Gosto de olhar para atletas com ferramentas de branding, buscando entender, a partir de suas carreiras, entrevistas e atuações nas redes, como sua identidade e personalidade constroem sua imagem. Entendo que atletas não são influenciadores, mas suas páginas nas mais diferentes redes sociais estão sempre apresentando suas narrativas, e isso muitas vezes confunde patrocinadores.
Lembro do profissionalismo de Ayrton Senna; para mim, foi ele quem criou o uso dos bonés para destacar seus patrocínios. Se antes já era uma ferramenta, no mínimo ele transformou no uso com recorrência. O tricampeão mundial de Fórmula 1 foi sempre muito cuidadoso com o Banco Nacional, mantendo uma forte relação com seus patrocinadores.
Poderia também lembrar do cuidado e respeito de Michael Jordan com a Nike, mas o recente filme “Air: A História por Trás do Logo” deu uma nova dimensão para este relacionamento. Para mim, Michael amplificou a Nike, e a Nike, com seu brilhante trabalho de comunicação, ajudou a construir um dos mitos do esporte mundial.
Atletas têm personalidade, e isso não pode ser controlado por ações de marketing e treinamento de mídia. É claro que essas ferramentas funcionam, mas a personalidade supera o treinamento e as ações coreografadas. É no calor da pressão, na busca por resultados, que conhecemos quem os atletas de fato são.
Aprendi em uma excelente entrevista do nosso podcast Maquinistas com Frederico Pena, CEO da Roc Nation Sports Brazil, que um atleta não é um avatar, ele não é uma ferramenta que uma marca pode usar como bem entender. Um atleta tem uma identidade e uma personalidade que precisam ser trabalhadas. A grande diferença é sua exposição.

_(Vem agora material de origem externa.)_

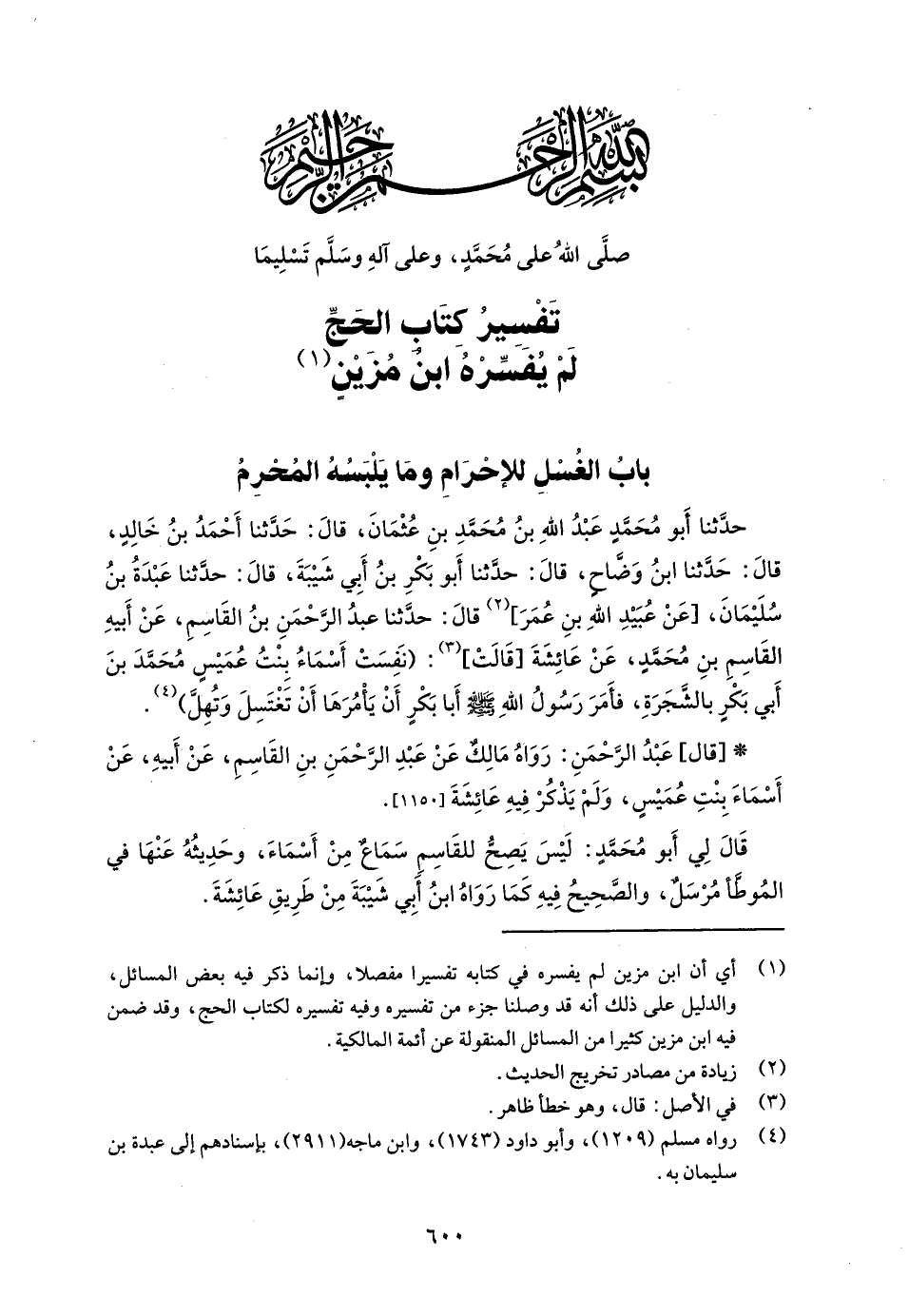 (¬1) أي أن ابن مزين لم يفسره في كتابه تفسيرًا مفصلًا، وإنما ذكر فيه بعض المسائل، والدليل على ذلك أنه فد وصلنا جزء من تفسيره وفيه تفسيره لكتاب الحج، وقد ضمن فيه ابن مزين كثيرا من المسائل المنقولة عن أئمة المالكية.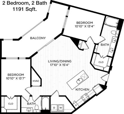 Floor Plan 2x2 - 1,251 Sqft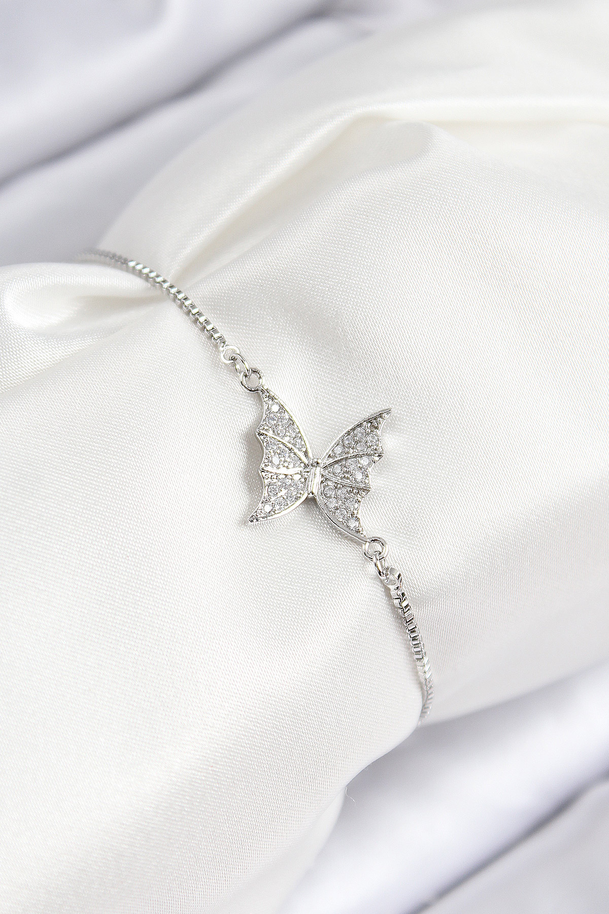 Pirinç Zirkon Taşlı Kelebek Model Gümüş Renk Asansörlü Kadın Bileklik BB7724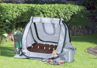 The SeedHouse Jr. is designed for the home gardner. Start and maintain seedlings inside your home, on your deck or in your yard. This seedhouse provides a convenient and effective way to protect your shrubs and perennials against harsh winters. The SeedHouse Jr. is compact and lightweight and requires no assembly tools. Set up, take down and store in seconds. There are 2 large zippered windows providing excellent access and the 2 screened vents allow optimum ventilation and pest protection. The SeedHouse Jr. is constructed with the incredibly durable Gro-Tec™ material. Gro-Tec™ is UV resistant, waterproof and features rip stop protection.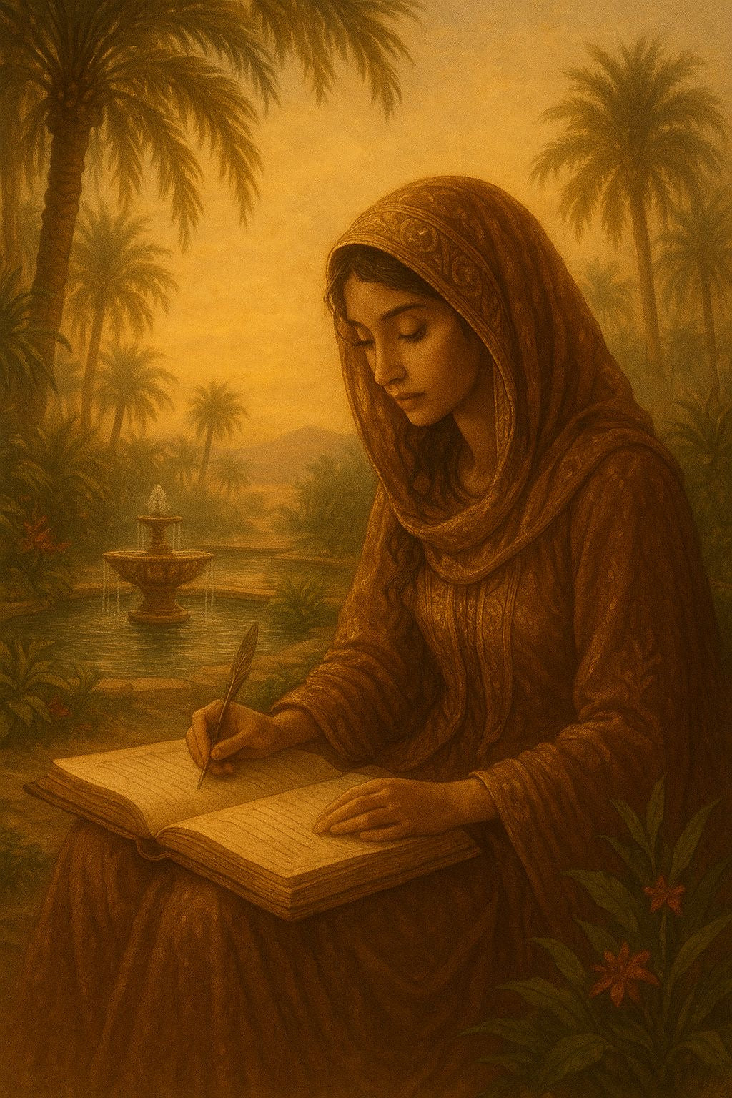 Ihr Leben lang beobachtete sie die Wunder der Erde, die Natur, die Menschen und ferne Genüsse. Obwohl sie das Schloss nie verließ, erreichten sie die Düfte des Gartens, die Klänge des Basars und die Erzählungen der Reisenden.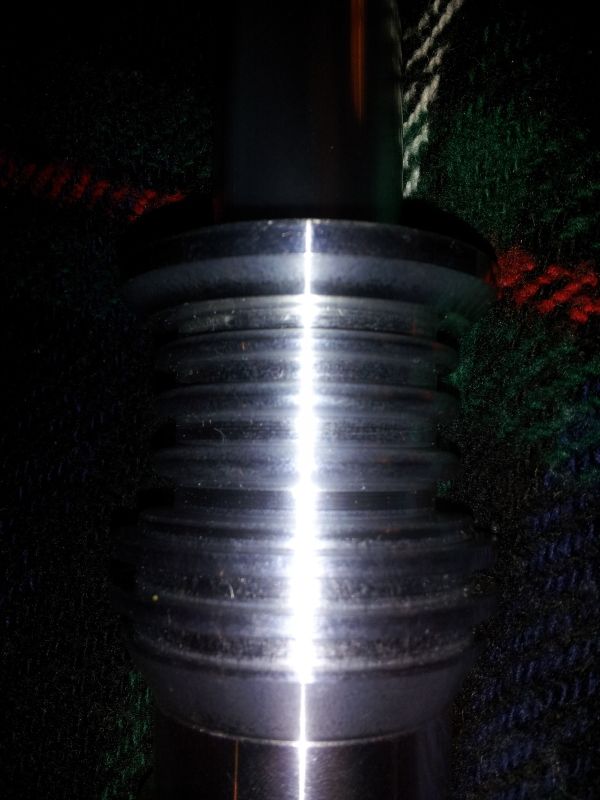 The emitter is fully MHS compatible. Shape and style are vaguely similar to the Consular or Qui-Gon Jinn's hilt, but also have a healthy mix of the Clan Saber style hilts as seen in the Prequel Trilogy. The grooves in the emitter are much deeper than you think, lending the ribs some body and substance. The lower rings stick out about as far as the top disc, and it chokes back to the body of the saber very nicely. All the grooves are wide and deep, and the sort of choke created by the ribbed section provides a nice solid grip if you need to hold the hilt high in a lockup. The disc at the top and the choke back to the body at the bottom also do a nice job of keeping your hands from accidentally slipping anywhere you don't want them without you noticing. Particularly the choke slant at the base will add an instant choke point to pretty much whatever saber you put it on. My only qualm with the emitter is that there's a lot of flat space on the top of it, which doesn't always seem right to my eye. I'd have put a very shallow cupped depression there, but that's just me. This is probably my favorite emitter at this point. I also want to note that the retention screw is hidden in the groove beneath the middle rib, and the hole for the screw only slightly crosses over into the ribs, so the screw is easy to access but very well hidden for show.

Gosto de exemplos, e vou usar o fenômeno Rayssa Leal, nossa principal atleta no skate. Hoje, aos 16 anos, vemos uma identidade clara, mas ainda é difícil trabalhar sua personalidade, pois ela ainda está se formando. Desde os 13, Rayssa está exposta às câmeras em competições e vem aprendendo a conviver com a pressão dos resultados.
Seus números são incríveis. Desde 2019, são 34 pódios; nenhum atleta brasileiro do skate conquistou tanto. Arrisco-me a dizer que nenhum outro atleta em qualquer esporte tenha tantas conquistas neste mesmo período (5 anos).
O interessante é que ela é fruto das redes sociais. Foi um vídeo que transformou sua carreira: no dia 8 de setembro de 2015, aos 7 anos de idade, quando ela vestiu uma fantasia de fada para participar do desfile de 7 de setembro com amigos e amigas da escola. Depois do compromisso escolar, ela quis ir direto andar de skate, sem nem voltar para casa para trocar de roupa. Rayssa queria fazer o que gostava, queria andar de skate. E foi esse vídeo dela fazendo manobras vestida de fada que milhões de pessoas visualizaram, a partir do momento que Tony Hawk compartilhou em suas redes.
Aos 7 anos, ela passou a ser conhecida ao redor do mundo, quando ainda nem competia, transformando-se em um sucesso nas redes. Mas foram precisos mais seis anos de treino, campeonatos e conquistas para que conquistasse uma medalha de prata nos Jogos Olímpicos de Tóquio, superando colegas de equipe do Brasil que tinham muito mais experiência e carreira.
São dois eventos isolados que associamos. O vídeo da fadinha não teve consequência direta no resultado da medalha de prata, mas se transformou em parte de sua narrativa. A partir do pódio na Olimpíada, ela se transformou em uma personalidade do esporte. Rayssa conquistou milhões de seguidores, alcançando, hoje, apenas no Instagram, 6,4 milhões.
Como ainda é muito jovem, fica fácil trabalhar o conceito das asas de fada, mas é seu comportamento nas provas que permite as melhores associações. Rayssa é uma adolescente que se diverte em competições de skate. Ela faz suas conquistas parecerem fáceis, tem leveza, confiança e, principalmente, uma humildade que toca. Mas é sua confiança que assombra, considerando que ela tem apenas 16 anos de idade. Basta assistir a um vídeo de uma de suas competições; a expressão dela ao final de um conjunto de manobras bem executadas é impressionante.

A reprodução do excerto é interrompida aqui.